The Mirage To Leave Las Vegas With A Rarity: Some Dignity

Written By Steve Friess on February 16, 2023Last Updated on March 23, 2023
Playin USA State of Play Vegas Casino Explosions Mirage

At first the whole concept seemed shocking and offensive: The Mirage, a landmark of historic and emotional proportions for millions of Las Vegas fans, is destined to be gutted, stripped to its bones and reincarnated as a Hard Rock Resort. The brand, which never quite clicked in its off-Strip site to the point that it’s now a not-quite-clicking Virgin Hotel-Casino, will move into a prime skyline spot upwind from Caesars.

Evidently, the Hard Rock folks think that the thing their old place was missing was a decent location (probably true) and a gimmicky guitar-shaped all-suite tower (OK, the renderings do look cool). So now that Hard Rock International’s $1.1 billion purchase of the legendary property has been finalized, the to-do list includes stripping the Mirage down to its concrete shell and going from there.

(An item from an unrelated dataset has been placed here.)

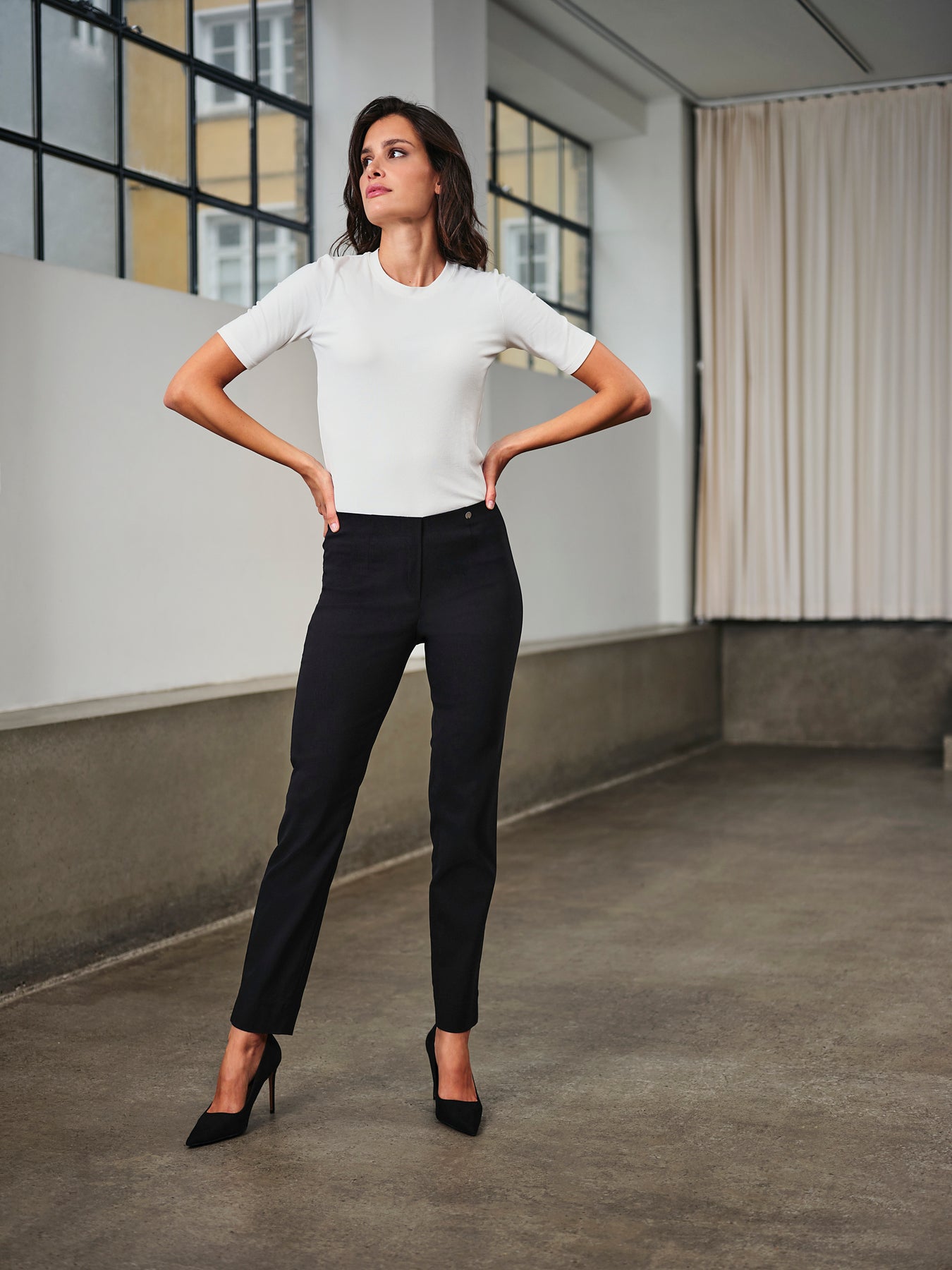 Robell súperþægilegar strechbuxur með teygju í mittið, rennilásaklauf að framan, en það er bara fyrir útlitið. Flottar og þægilegar hversdagsbuxur sem sitja vel, góðar stærðir og mikið strech í efni. Síddin er ca 78 cm.

Read more from the State of Play column:

A history of replacing Vegas history

How could this be? I harrumphed. How can something so seminal to the modern concept of a casino-resort in Nevada, across California and in destinations from Miami to Macau, be ready for its erasure?

Yet, as with such OGs as Eva Peron, Jesus Christ and Chris Farley before it, the Mirage won’t live past 34. So far there’s not that much known beyond the fact that the famous volcano and Cirque du Soleil’s very best production, The Beatles’ Love, remain through at least 2023 and the Secret Garden & Dolphin Habitat is (blessedly) already gone. Other than that we’ve got a promise from  Hard Rock CEO Jim Allen that this won’t be quick, simple or cheap.

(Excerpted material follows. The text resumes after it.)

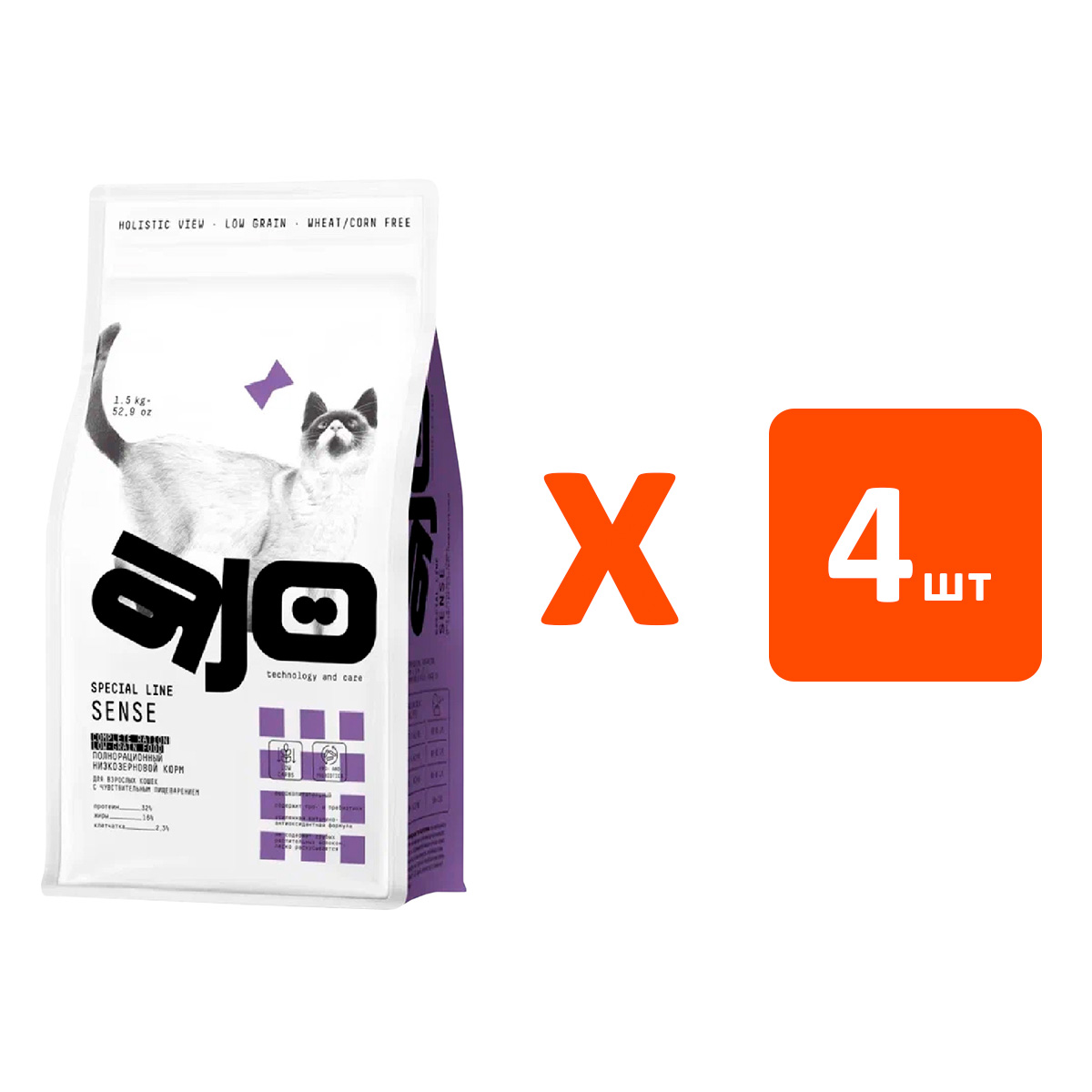 Сухой корм для кошек AJO CAT SPECIAL LINE SENSE с чувствительным пищеварением оленина (1,5 кг х 4 шт)

Still, the entire endeavor baffled me as someone who arrived in Vegas in 1996 and bore witness to the implosions of the Hacienda, the Stardust, the Sands and the Frontier. All were pale imitations of their earlier glory having been left to decay and molder until blowing them to smithereens was the only rational Vegas-style thing to do with them. (OK, fine, only the Stardust and the Sands actually ever had any glory. Still.) Those were mercy killings.

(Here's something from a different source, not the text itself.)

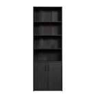 Add a touch of functional style to your home with this library with doors from the Mainstays collection. This library bookcase with doors features multiple shelves for convenient storage of a variety of items. This 5-shelf bookcase includes three adjustable shelves, allowing you to customize your storage options for versatile display options. Find room to store all your books, bins, décor, and more! This modern bookcase includes hidden storage behind the two lower doors that creates a place for you to display the best and forget the rest. This open storage bookcase features an adjustable shelf behind these storage doors to accommodate items of various heights. Finished in Black, this tall bookcase gives you multiple storage options for the office, hallway, living room, and more. Assembled Dimensions: 24.6" L X 11.7" W X 71.1" H Open shelving features two adjustable shelves and one fixed shelf Hidden storage behind doors features an adjustable shelf Black finish Assembly Required Model #: 433254 Box Dimensions: 40.12" L x 14.21" W x 9.29" H For additional questions or any issues, please contact the manufacturer at 1-800-523-3987.

Don’t get too attached to Vegas Strip casinos

The Mirage is not decrepit – and you know this because they’re not blowing it up. Yes, it had steadily shifted from the top-of-the-market when it opened in all its fabulousness in 1989 to a middle-tier option by the time it was 20. That’s when its owners, previously MGM Mirage, were opening the mind-boggling CityCenter and used the occasion to dump Mirage from their corporate name.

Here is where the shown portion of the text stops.